Zimą prawie u wszystkich zwiększają się dolegliwości bólowe. Boli gardło, bolą stawy, bolą mięśnie, które z uwagi na aurę trudniej utrzymać w dobrej kondycji. Zima po prostu bardziej boli niż inne pory roku. Wtedy sięgamy po środki przeciwbólowe, które przynoszą doraźną ulgę. Raz i drugi, trzeci, dziesiąty. I wówczas zaczynają się kłopoty. O zatrucie środkami przeciwbólowymi w takiej sytuacji bardzo łatwo. Szczególnie w Polsce, bo Polacy należą do światowych rekordzistów w dziedzinie spożywania środków uśmierzających ból.

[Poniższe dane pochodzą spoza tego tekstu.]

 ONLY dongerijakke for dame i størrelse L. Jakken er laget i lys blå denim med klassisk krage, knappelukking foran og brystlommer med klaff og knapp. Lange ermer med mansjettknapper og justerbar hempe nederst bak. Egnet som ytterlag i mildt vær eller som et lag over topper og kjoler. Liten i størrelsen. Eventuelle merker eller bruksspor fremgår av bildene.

– Pacjenci sięgają po leki natychmiast, jak pojawia się ból – mówi dr Paweł Madej z Oddziału Chorób Wewnętrznych Szpitala Zakonu Bonifratrów w Katowicach – albo nawet kiedy bólu jeszcze nie ma. Statystycznie aż 6 proc. z nich przewiduje pojawienie się bólu i zażywa tabletki, a 40 proc. czyni tak przy pierwszych objawach bólu, a być może po prostu wystarczyłaby filiżanka herbaty. Ból głowy może być spowodowany źle dobranymi okularami. Innym powodem takiego bólu może być nadciśnienie albo zatoki.
I żadnej z tych dolegliwości nie wyleczymy paracetamolem, choć większość Polaków myśli: „a może się uda?” i próbuje, próbuje, próbuje… Nie wiedzą, że paracetamol po przekroczeniu dawki 6–8 tabletek dziennie potrafi bardzo zaszkodzić.

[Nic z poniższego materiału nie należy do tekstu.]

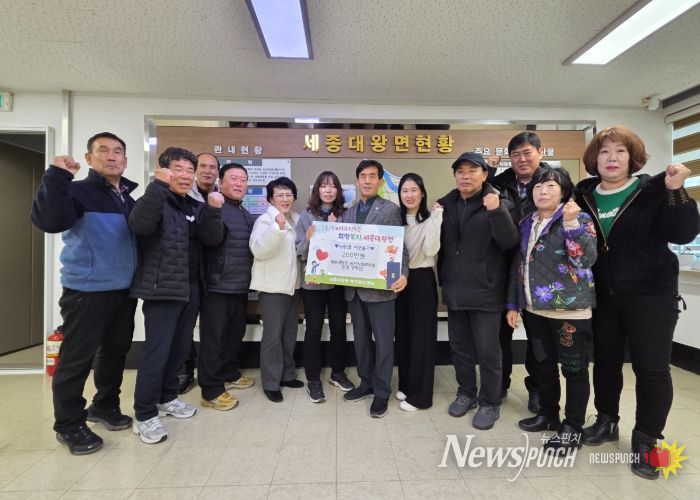 홍광래 세종대왕면장은 “어려운 이웃을 위해 희망과 사랑으로 나눔운동에 앞장서 주시는 마음 감사드린다.”며 “기탁해 주신 성금은 복지 지원이 필요한 위기가구를 위해 소중하게 사용하겠다.”고 전했다.

– Rzecz w tym – mówi dr Piotr Burda, krajowy konsultant ds. toksykologii klinicznej – że pacjenci nie zawsze są świadomi, że biorą leki, które mają różne nazwy handlowe, ale wszystkie zawierają paracetamol. Miałem pacjentów, najczęściej z bólem zęba, którzy przez kilka dni, co kilka godzin, zażywali po dwie tabletki przeciwbólowe zawierające paracetamol i doszło u nich do ostrego zatrucia. Dlatego zawsze warto sprawdzić, czy kolejny lek przeciwbólowy lub przeciwgorączkowy zawiera paracetamol, i pilnować, jaką ilość tej substancji przyjmujemy, bo może prowadzić to do zatrucia.
Ostrzeżenie: W przypadku stosowania 8 tabletek dziennie (a tabletka zwykle zawiera 500 mg paracetamolu) może dojść do uszkodzenia wątroby.
Rada: Jednorazowo nie należy przyjmować więcej niż 2 tabletki, a między kolejnymi zażyciami powinno minąć od 4 do 6 godzin.
A jeśli tak nie zrobimy (bo np. zapomnimy), co wtedy?
Wtedy z pomocą może przyjść nam glutation zredukowany – substancja, która w celu neutralizowania ubocznych efektów stosowania paracetamolu (lub jemu podobnych środków przeciwbólowych) powinna być zażywana razem z nim.
Dlaczego?
Bo paracetamol jest metabolizowany w wątrobie. Jest w niej rozkładany m.in. do związku o skrótowej nazwie NAPQI (N-acetylo-4-benzochinonoimina), będącego silnym utleniaczem (czyli niszczycielem organizmu). Związek ten może zostać zneutralizowany poprzez przyłączenie do glutationu zredukowanego (który w ten sposób staje się glutationem niezredukowanym, czyli utlenionym). Wtedy NAPQI przestaje szkodzić i może zostać wydalony. Ale w wątrobie ubywa glutationu zredukowanego. Dlatego trzeba go dostarczyć z zewnątrz. W jedzeniu – to trudne do wykonania. Stąd też warto przyjmować glutation zredukowany w postaci suplementu diety.
To bardzo ważne. Jeśli bierzemy paracetamol lub inny jemu podobny środek przeciwbólowy i przeciwgorączkowy, jednocześnie powinniśmy przyjmować glutation zredukowany – dokładnie tak samo jak aplikujemy sobie środki osłonowe przy zażywaniu antybiotyków. Wtedy jesteśmy w stanie uniknąć groźby zatrucia paracetamolem i środkami jemu podobnymi, które powodują nudności, zawroty głowy, trwałe uszkodzenie wątroby. Na hasło: „paracetamol” jedyną prawidłową odpowiedzią jest: „glutation zredukowany”.
Paracetamol i glutation zredukowany winny stać się nierozłączną parą.